Data entries:
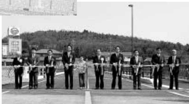
和合橋完成(平成15年3月)

瑞浪市には市民病院がありません。そのため、当時の昭和病院を地域中核病院として位置づける中、病院改築のため9億円を助成しました。平成15年からは「東濃厚生病院」として地域医療に取り組んでいただいております。 また、「水道の無い地域に上水道整備を」と始めた未給水地域解消事業も、平成10年から85億円の事業費をかけて、この平成19年度で96%が完成します。
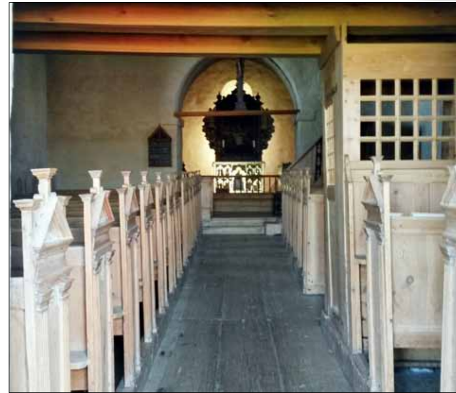
Innsyn i St. Petri kirke.

– Egentlig er det litt vemodig å ikke skulle være med videre, det skjer så mye spennende fortsatt, sier han, fremdeles full av engasjement for jobben. For eksempel hvordan vi skal
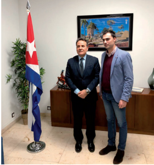
Figura 9: Fotografía de la recepción en la Embajada de Cuba en España (Madrid).

Hasta el momento la parte más sentimental y nostálgica parecía perfectamente cubierta. Sin embargo, no debemos olvidar, que el viaje también se planteó siempre desde un punto de vista empresarial y comercial. Para garantizar ese cometido, en cuarto lugar, el 25 de enero de 2018, el Ayuntamiento de Lánçara y la Confederación de Empresarios de Lugo firman un Protocolo General, que tiene una relevancia significativa tanto para el municipio como para las empresas de la provincia de Lugo. En él, el consistorio se compromete a prestar apoyo institucional y la “marca” del Ayuntamiento de Lánçara, siempre y cuando redunde en un claro beneficio económico y social para las empresas y ciudadanos del municipio. Por su parte la CEL, reconoce al Alcalde de Lánçara o miembro de la corporación municipal en quien delegue la capacidad para actuar como embajador de las iniciativas empresariales de la provincia de Lugo con la República de Cuba, como consecuencia de los vínculos existentes.
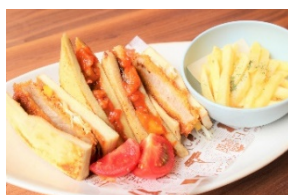
「2種の高野豆腐サンドイッチ ポテト添え」
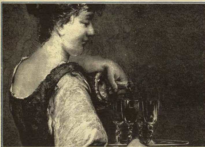
—Voy a poner un poco de Valdepeñas para mejorar este Burdeos.
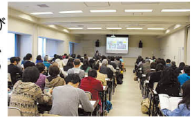
子育て支援フォーラムの様子

今回は、「親としての学び」及び「親になるための学び」プログラムを体験し、子育てについての悩みの共有、気づき、交流を行うことを目的とします。ぜひご参加ください。
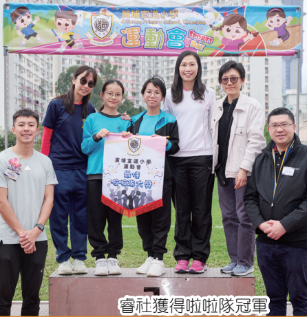
睿社獲得啦啦隊冠軍
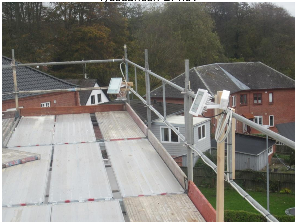
I den anledning er rigget lys til - så hele overmøllen med hat/vinger bliver belyst
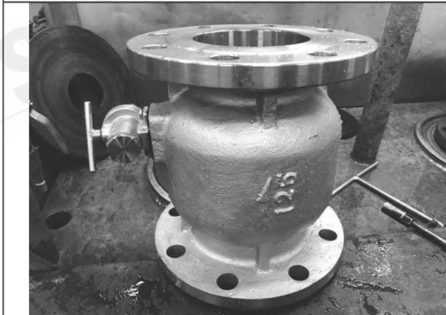
照片 E：測試樣品外觀 (DN125)BFL-125
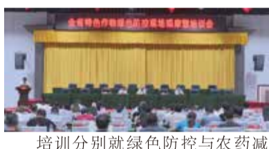
培训分别就绿色防控与农药减量、生态调控技术、害虫天敌昆虫保护利用、昆虫信息素在测报防治中的作用、草地贪夜蛾防治技术等内容对参训人员进行了培训。
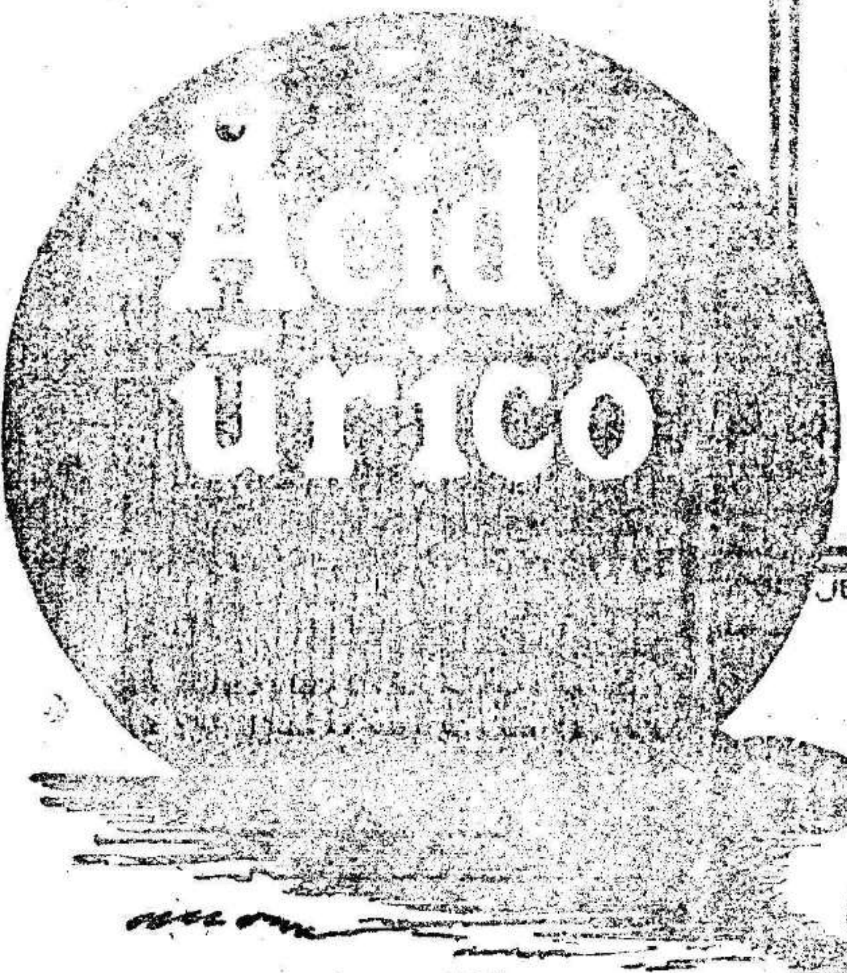
Depositarío único para España, DALMAU OLIVERES, 14, Paseo de la Industria, BARCELONA y en todas las buenas farmacias y almacenes.

Agencia de Encargos de Murcia y Lora de Francisco López García —SERVICIO DIARIO— A DOMICILIO Casa central en Murcia: Pascual, 17 (antes Con traste). —En Lora: Cana lejas, 84 (antes Corredera.
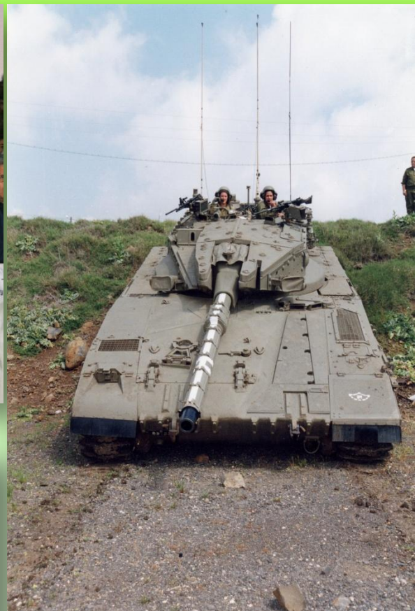
גדוד '77, 1999
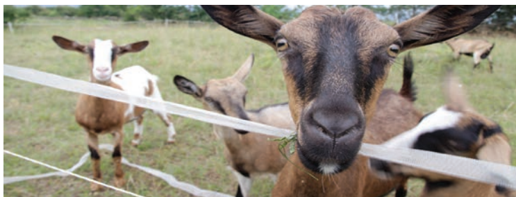
Spodbujali bomo živinorejo....

Koprsko zaledje ima pomembno preteklost na področju zagotavljanja kmetijskih izdelkov širši regiji. Zagotovili bomo sredstva in subvencije za pospeševanje kmetijstva, ekološko pridelavo in se zavzeli za to, da bodo vsi javni zavodi v Mestni občini Koper, šole, vrtci in drugi, nabavljali prehranske izdelke pri domačih predelovalcih hrane. S tem bomo ponovno spodbujali razvoj kmetijstva, obenem pa ustvarili tudi nova delovna mesta oz. dodatne prihodke na področju kmetijstva. Cilj je doseči, da bo občina postala samozadostna z vidika ustvarjanja kmetijskih pridelkov za potrebe svojih javnih zavodov. Na ta način bomo zagotovili, da se javni denar porablja za domačine in s tem ustvari pomemben krog od proizvodnje do potrošnje na lokalni ravni.
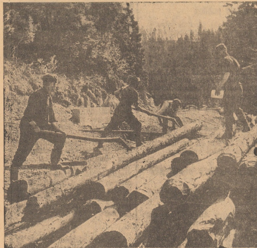
Un domeniu de activitate în care ochiul cetățeanului pătrunde extrem de rar. Fotoreporterul ziarului nostru a urcat „la munte” pentru a vă oferi imaginea secerării din munca tăparilor din pârchețele de exploatare I.F. din Valea Căminului
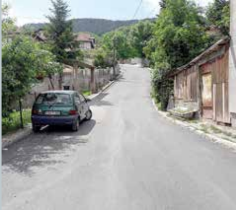
Asfaltirano 320 metara ulice

Urađena je sanacija i asfaltiranje ulice Komatin na Širokači, projekat u koji je Općina uložila 145.000 KM. Pošto je asfaltni kolovoz na toj saobraćajnici dužoj 320 metara bio veoma oštećen, sa udarnim rupama i začepljenim slivnicima za oborinske vode, bilo je potrebno uraditi kompletnu sanaciju ulice. Uklonjen je stari asfalt i podloga, te postavljen novi tamponski sloj.
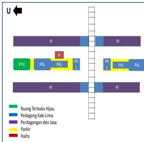
Gambar 12. Pola Pemanfaatan Ruang Publik (Analisis Peneliti, 2017)

sudah penuh, motor-motor bisa parkir naik ke punggung paving blok bawah jalan layang yang masih tersisa di antara para pedagang kaki lima. Parkir mobil diutamakan di badan jalan yang menjorok ke dalam di bawah jalan layang Janti yang terletak di tengah-tengah bawah jalan layang Janti ini. Parkir mobil diarahkan di sebelah barat dan parkir motor di sebelah timur atau naik ke atas paving blok. Lahan parkir bawah jalan layang janti ini juga dimanfaatkan karyawan yang bekerja di kawasan Janti ini karena terbatasnya area parkir depan kantor dan di tengah bawah jalan layang tidak begitu mengganggu jalan umum. Peluang keberadaan parkir ini dimanfaatkan warga sekitar untuk memperoleh penghasilan.
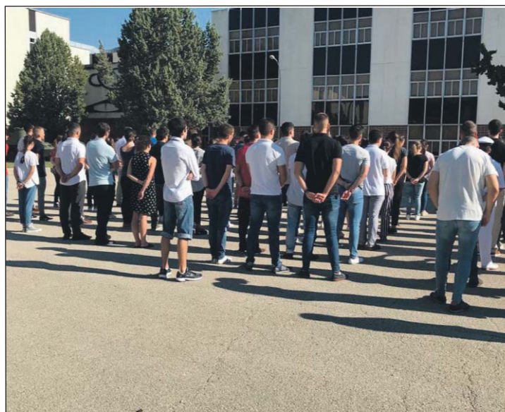
Los nuevos cadetes, recibiendo las primeras charlas en la AGM.

Entre otras cosas, se interesó por el horario de salidas, las características de las instalaciones, los planes de estudios y la organización de la propia carrera con la vida militar y, también, cuestiones básicas sobre si podía comprar algo que necesi-
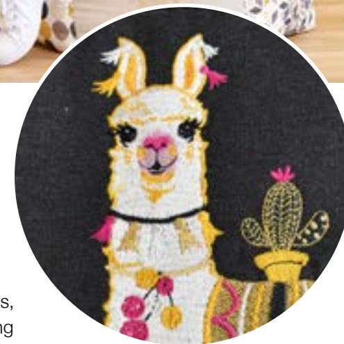
Divers motifs amusants, de quilting et de bordure
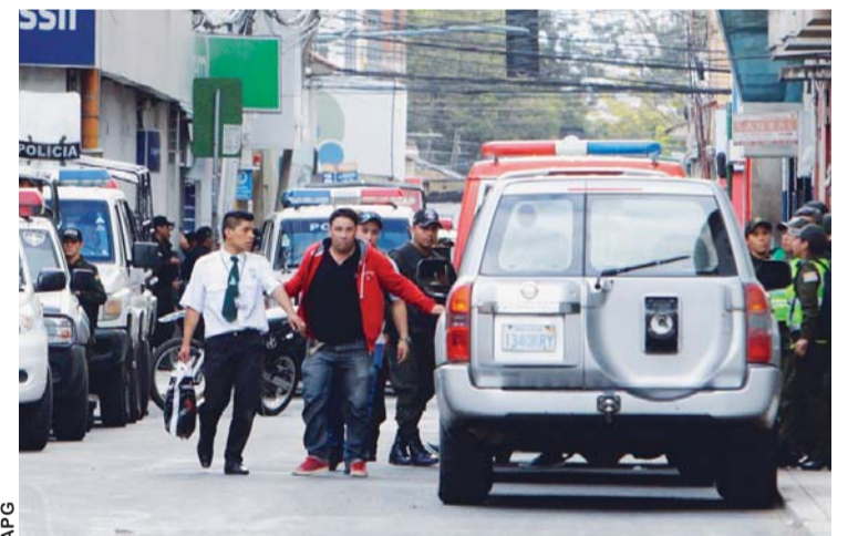
OPERATIVO POLICIAL EN EL LUGAR DEL ATRACO FRUSTRADO.

▶ TASK: Can the lines from the one with "Divers motifs amusants, de" to the end of the records above be quoted exactly, both ends included, with every picture omitted?

▶ WRITTEN RESPONSE:
Divers motifs amusants, de quilting et de bordure
OPERATIVO POLICIAL EN EL LUGAR DEL ATRACO FRUSTRADO.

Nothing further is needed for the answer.